# New Van Decals + website



## BC_Painter (Feb 14, 2010)

Finally got my van decaled out as well as my website up!!

Don't be too harsh on me 

http://quigleyspainting.ca/


----------



## Hoffmann (Apr 19, 2012)

Looks nice! I like your logo


----------



## CApainter (Jun 29, 2007)

Looks great!


----------



## RCP (Apr 18, 2007)

Very nice vehicle, your site is nice and clean as well!:thumbsup:


----------



## BC_Painter (Feb 14, 2010)

RCP said:


> Very nice vehicle, your site is nice and clean as well!:thumbsup:



Thanks!!

A lot of love went into this vehicle since I bought it :thumbsup:

My web design guy was great, it cost a bit more than the typical "website in a day" companies that are always calling me, but I got exactly what I was looking for :thumbup:

Absolutely worth every penny.


----------



## RCP (Apr 18, 2007)

BC_Painter said:


> Thanks!!
> 
> A lot of love went into this vehicle since I bought it :thumbsup:
> 
> ...


It usually is!


----------



## BC_Painter (Feb 14, 2010)

Isn't that the truth


----------



## Workaholic (Apr 17, 2007)

Been awhile since your last post. Glad to see you are still slinging.


----------



## BC_Painter (Feb 14, 2010)

Yeah, I realized I had not posted in quite a while since my accident slowed me down for a bit!
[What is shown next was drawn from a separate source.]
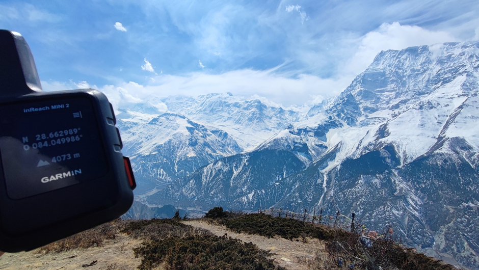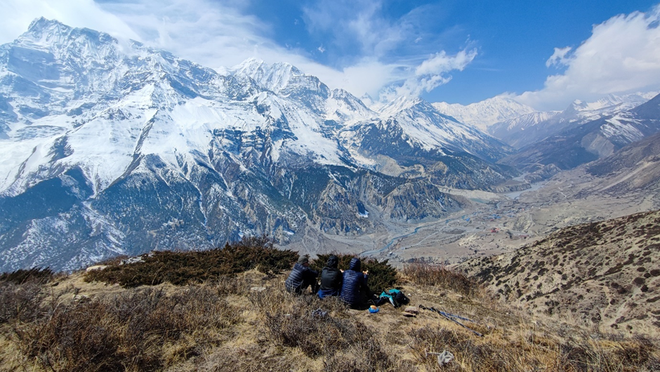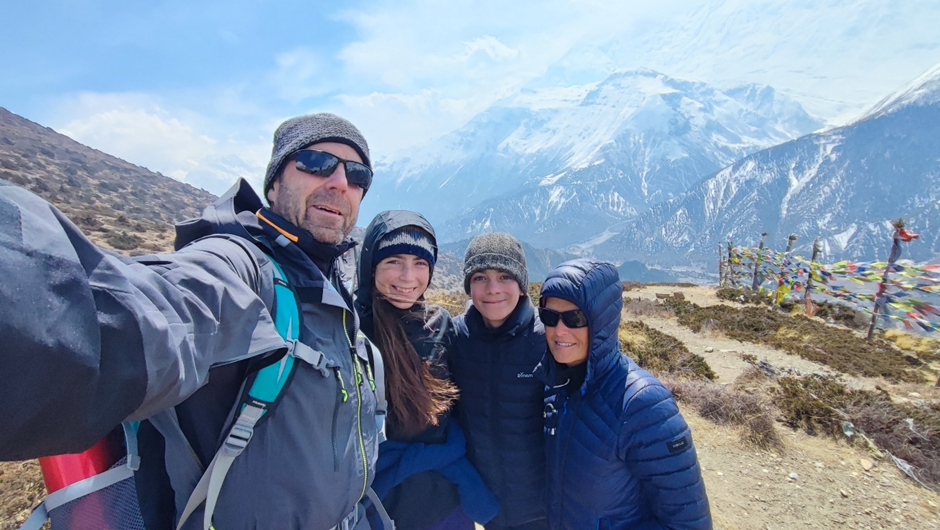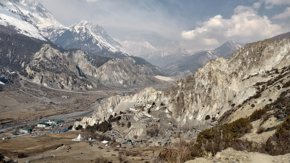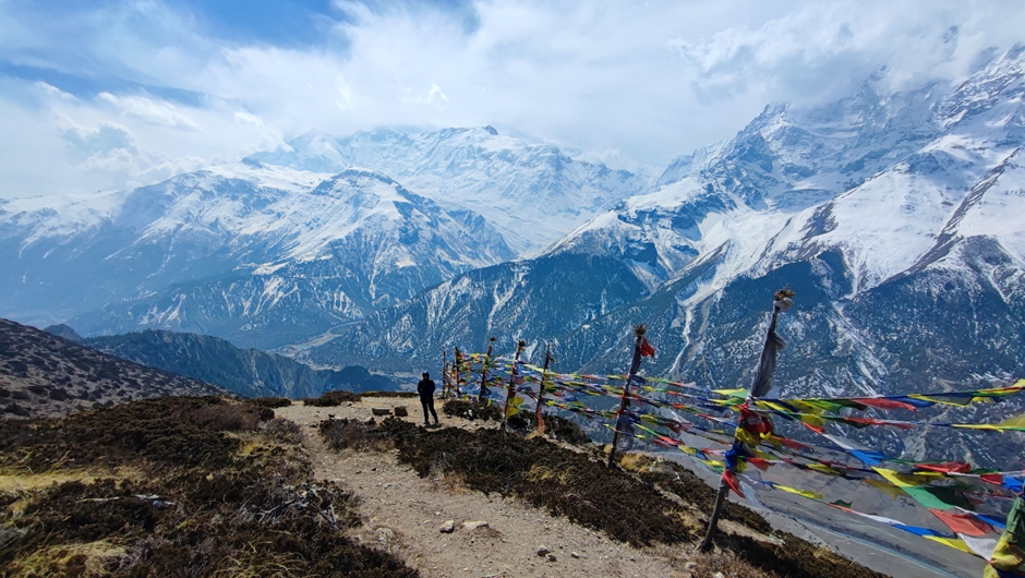 Wir liefen höher und höher und die Aussicht war trotz Wolken sehr beeindruckend. Oben, kurz vor dem Aussichtspunkt mit den vielen Gebetsfahnen wurde es extrem windig, wir konnten uns kaum auf den Füßen halten. Aber wir konnten viele sehr hohe Gipfel und gleichzeitig die Dörfer im Tal sehen.

Figured I may as well pop in once these were ready!


----------



## ewingpainting.net (Jun 2, 2008)

looks great, good job


----------



## Alltimate Painting (Mar 2, 2012)

Great job. Simple and to the point. Not to much info, just right. Exciting time decaling the vehicle.


----------



## BC_Painter (Feb 14, 2010)

Alltimate Painting said:


> Great job. Simple and to the point. Not to much info, just right. Exciting time decaling the vehicle.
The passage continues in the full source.